Douglas Wilson, God Is. : How Christianity Explains Everything
American Vision, 2008


See, if interested at all, my review of the book on Goodreads.


At the base of Islam is the well-know confession, “There is no God but Allah, and Muhammad is his prophet.” This defines the fundamentalism of that oppressive and close-minded religion: One authority, and one voice for that authority, anything outside of which is damnable. Atheist’s say they abhor this type of dogmatism, preferring “freethinking”—a not unwholesome thing in itself—but many unwittingly fall into a very similar type of self-imposed mental blindness in the name of free-thought. One need only recall the history of Marxist-inspired revolution, and the mass graves of “dialectical materialism” (a fancy phrase for “atheistic struggle,” or which could well be put, “atheist jihad”). This history has well been written of elsewhere. … The creed of atheism, were its proponents careful and honest enough to formulate it, would inevitably mimic the Islamic pillar thusly: “There is no god, and I am His prophet.”
[ Joel McDurmon, Foreword ]


It is, however, not enough simply to buy the book and give it to your teenager: “Here. Read this, so you don’t go off and become one of them… atheists.” The encounter requires parents to live a Christianity of good works and discipline—to name a couple virtues—in order to model for our children something of the Faith besides rock-music praise bands, Jesus-fish apparel, and other dandelions of pop-culture. If our practice of faith would lead an outsider to believe Jesus should be found in a Starbucks preaching Bob Dylan over triple caramel, mocha-stained copies of baptized self improvement and diet books, then the atheists have won. After all, they talk about the planet, the universe, plants, animals, nature, education, the future, and—gulp!—progress. You know, the things Genesis talks about. The atheists may get it wrong—beginning without God and with evolution and all—and they may make the mistake of worshipping the creation rather than following its finger pointed at the Creator, but at least they are inspired by the right things. In short, the atheists have prospered because we have let them. We have created a world in which Christianity is everywhere easily viewed as superficial and irrelevant. The atheists hope to pull back the curtain and find a stuttering old man controlling the great wizard. In many cases, they probably will. The proper response to all of this—among whatever else—must include something that engages the mind, and stimulates an appreciation of God’s creation and of the image of God—humanity—in its fullness. Empty pop-psychobabble, demographic-driven growth movements, and pious platitudes will not do. We need something richer, deeper, fuller, more challenging, and way, way, more real. 
[ Joel McDurmon, Foreword. ] [ Maybe the only lines Mr. McDurmon pens in the foreword that I agree with —F.

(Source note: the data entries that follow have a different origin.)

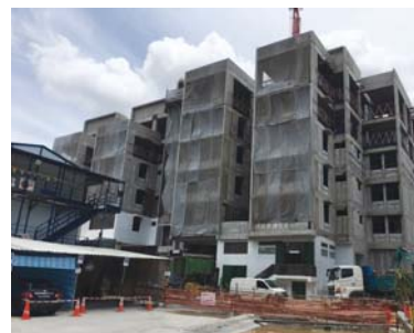
Construction of St. Andrew's Nursing Home (Taman Jurong).

SACS will also start operating a 290-bed nursing home at Taman Jurong from February 2019.
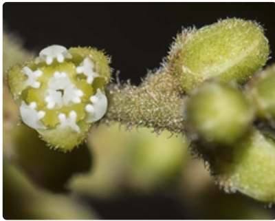
Flower and buds. Photographer Steve Burrows, Bournda National Park
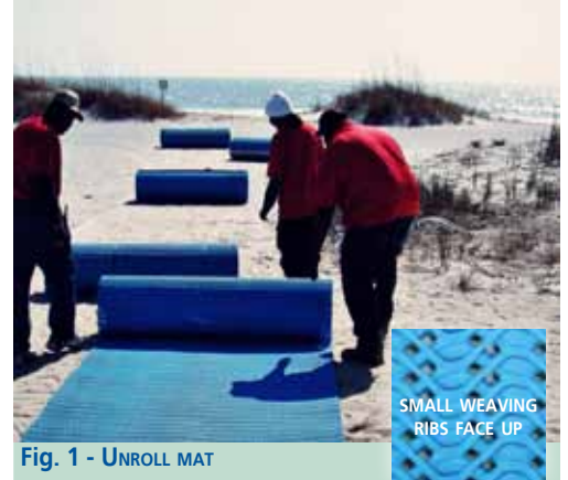
Fig. 1 - UNROLL MAT
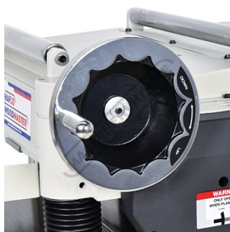
Height Adjustment Hand Wheel
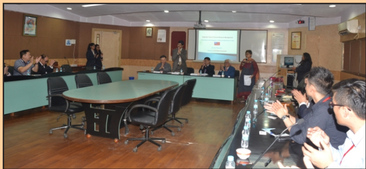
Workshop in progress
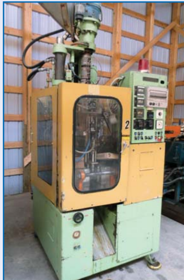
1979 HAYSSEN 2125 single extrusion, single die blow molder with extra die head and manual loader, with dual 250ml & 500ml dies (28-410mm), 220 volt, s/n na #2
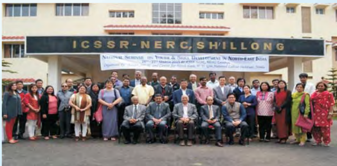
National Seminar on Youth & Skill Development in North East India
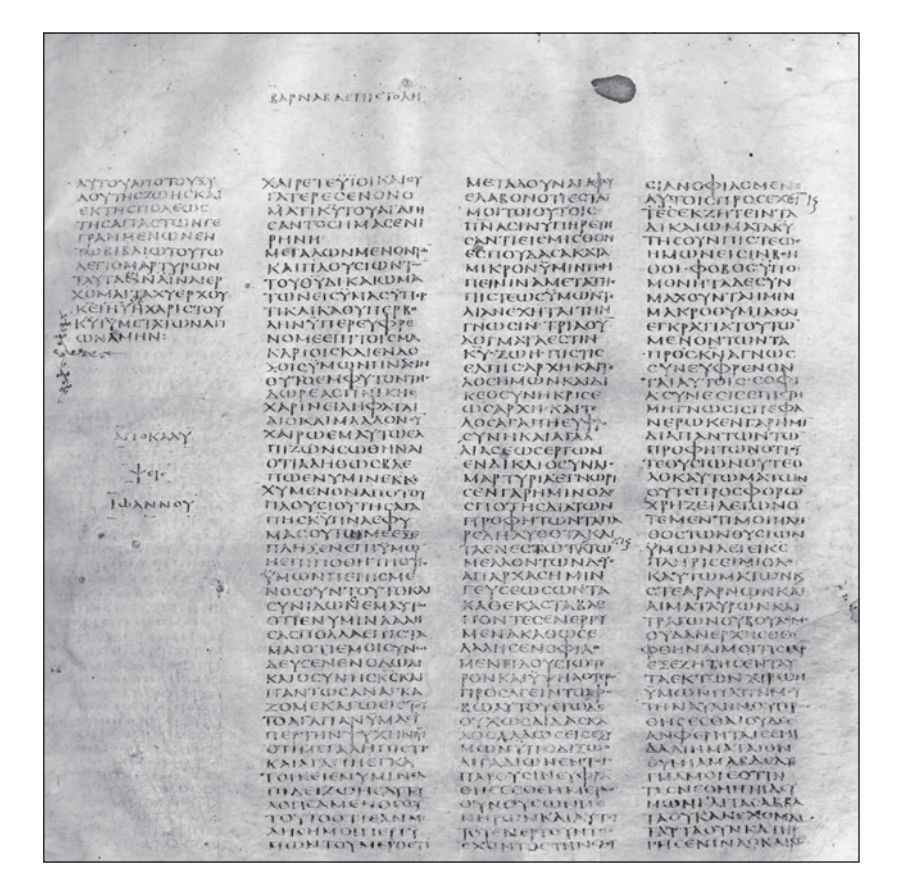
The Codex Sinaiticus, the oldest surviving manuscript of the entire New Testament. This fourth-century manuscript includes The Shepherd of Hermas and the Epistle of Barnabas (the first page of which is pictured here), books that were considered part of the New Testament by some Christians for several centuries.
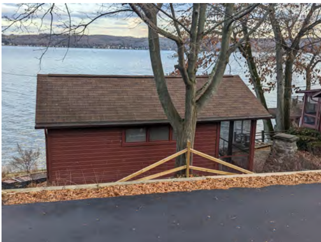
4785 CR 16 Photo 7: (2023-01-06T03:19:30.560Z)
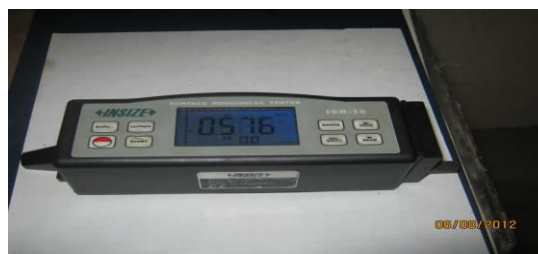
(d) An Insize Surface Roughness Tester, ISR-16 Series
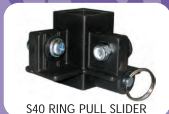
S40 RING PULL SLIDER
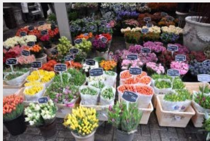
Ashore, we visited a stunning flower market in Amsterdam.

One of the things we were the most worried about – that the ship would be small – ended up being one of the things we loved most about our trip. With a design that fosters comfort and relaxation, the ship became much more like a home than any ocean liner we had ever sailed on. The lounge area became like a living room for all of us onboard and, when we were not ashore, we spent most of our time hanging out there, watching the scenery go by, eating, drinking, and conversing – and actually making friends. The relatively small size of the river cruise ships also means that they can dock right in the middle of the river cities in Europe and you can literally step out onto the main street of a place like Cologne, Germany. No waiting in long lines to get off the ship – just step out and you're there!
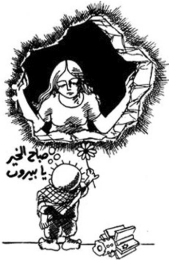
FIGURE 1 "Good Morning Beirut" by Najji al-Ali

Fatima is also the poor Palestinian mother who loses her son in the resistance, the oppressed, Ein el-Helweh refugee camp in Lebanon, the southern Lebanese woman, Egypt that refuses Camp David, Beirut that held the Palestinian fighters, a fighter in the war zones, and, lastly, the strong pole that survived the departure of Palestinian fighters from Lebanon in 1982 (el-Fakeeh 2011). She has strong anti-bourgeois views, debates Security Council Resolution 242, and mourns when the Israeli flag is raised in Cairo, all with sarcasm laced with some humour. She plants the seeds of hope, patience, resistance, and life. She is the positive and the nation's brain.
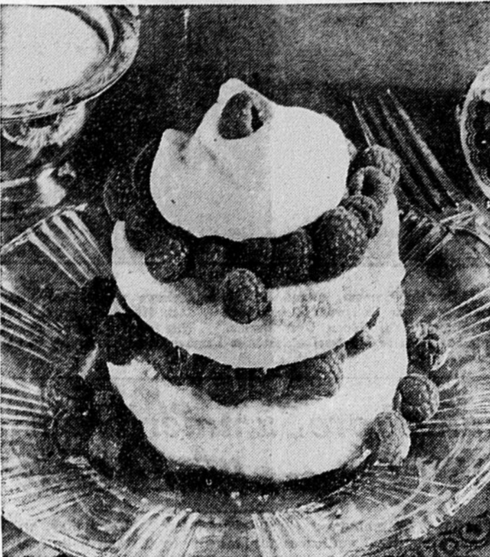
A modern dessert with old-fashioned flavor—raspberry shortcake made with rich biscuits and blanketed with country cream.

Grandma Liked Raspberry Cooler — And So Will You
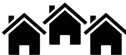
Collection of 3 cottages
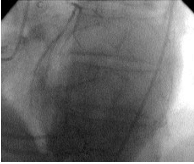
Fig. 2. Collateral vessels supplying the left coronary system from the right coronary artery.
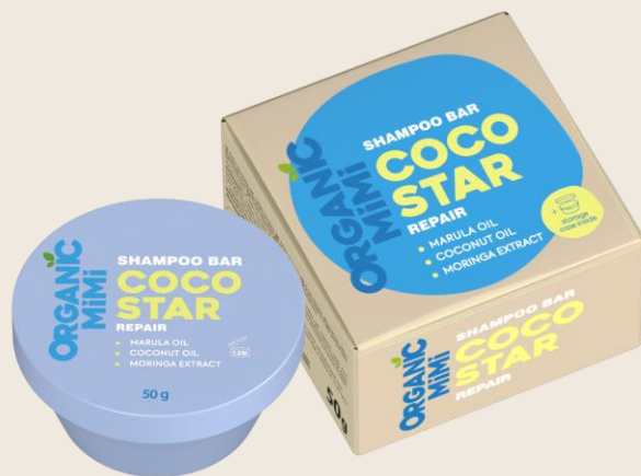
COCO STAR REPAIR SHAMPOO BAR, 50 g

Finally, Hitchens is to be faulted because, without knowing it, he almost stumbled into the gospel. He explains our fascination with the pig as an example of simultaneous attraction and revulsion: The simultaneous attraction and repulsion derived from an anthropomorphic root: the look of the pig, and the taste of the pig, and the dying yells of the pig, and the evident intelligence of the pig, were too uncomfortably reminiscent of the human.


For Hitchens to point out all the problems in the world and blame them on “religion” is like writing a book attacking “medicine,” that well-meaning endeavor which has killed its untold millions. But to get this result we have to define medicine as “anything that comes, promising relief, in bottles or any other container.” That kind of categorization positively promises to blur vital distinctions, like the difference we might want to acknowledge that exists between penicillin and Cousin Bob’s Joo Joo Beans Cancer Therapy.


Although it would have been nice for Hitchens to put a few references in there (3 Cor. 9:13; Hezekiah 3:16) so that we could at least know which verses he was misunderstanding.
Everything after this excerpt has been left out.